When President Obama announced the U.S. delegation to the Winter Olympics in Russia would include Billie Jean King, there was no need to explain who she is or the prestige she brings to her county. Billie Jean King won 39 Grand Slam tennis titles, defeated Bobby Riggs in the so-called Battle of the Sexes in 1973 and received the Presidential Medal of Freedom in 2009. Lots of great players popularized tennis, but Billie Jean King helped turn Wimbledon and the U.S. Open into heavyweight championships.

The daughter of a Long Beach, California fireman, she started playing in the 1950s, when tennis was regarded as a white-collar sport for white people wearing white clothes on country club tennis courts. But Billie Jean King told the Oakland Tribune in 1967 I'd like to see tennis get out of its sissy image and see some guy yell hit it, ya bum.

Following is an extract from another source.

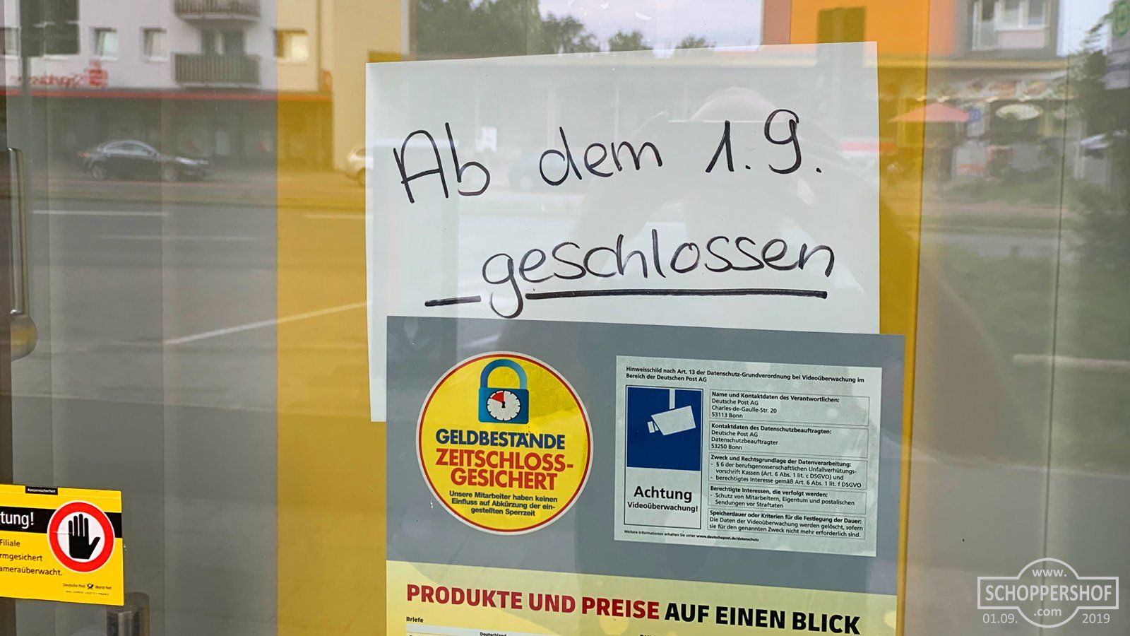 Das große Filial-Sterben geht weiter: Nach knapp zehn Jahren Geschäftsbetrieb schloß am 01. September 2019 auch die Postfiliale alias »Romeo´s Schreibwaren« in der Äußere Bayreuther Straße 105.

She was married to a man named Lawrence King and hadn't planned to be an activist for gay rights.

By the early 1970s, she began to admit to herself that she was interested in women. Her former secretary filed a lawsuit, asking for a share of her assets because they'd been intimate. Billie Jean King says she lost millions of dollars in endorsements, and, she told the Times of London in 2007, the privacy to work out her own sexuality out of public view. It was very hard on me because I was outed, she said. Fifty percent of gay people know who they are by the age of 13. I was in the other 50 percent. She said she'd tried to speak with her parents about her sexual orientation, but parents in her generation would say, we're not talking about things like that. And then, she says, there were people who advised her that if her sexual orientation became known, it might destroy the women's professional tennis tour that she had done so much to build. I couldn't get a closet deep enough, she said.

So, Billie Jean King will join a U.S. delegation to the Olympics with other great athletes, including Caitlin Cahow, the hockey player, and Brian Boitano, the former Olympic skater. Their presence may pointedly remind the host country that athletes Russia would have been proud to win medals for them might feel insulted by the new Russian law making it illegal to have what it calls a distorted understanding that gay and heterosexual relations are socially equivalent.

Billie Jean King is 70. She's seen tennis become a popular sport with boisterous stars, and gay identity evolve from quiet denial to acceptance and pride. Her presence in Russia may remind people that history can move sometimes with extraordinary speed, and that people can change. Billie Jean King did, and now she might change others.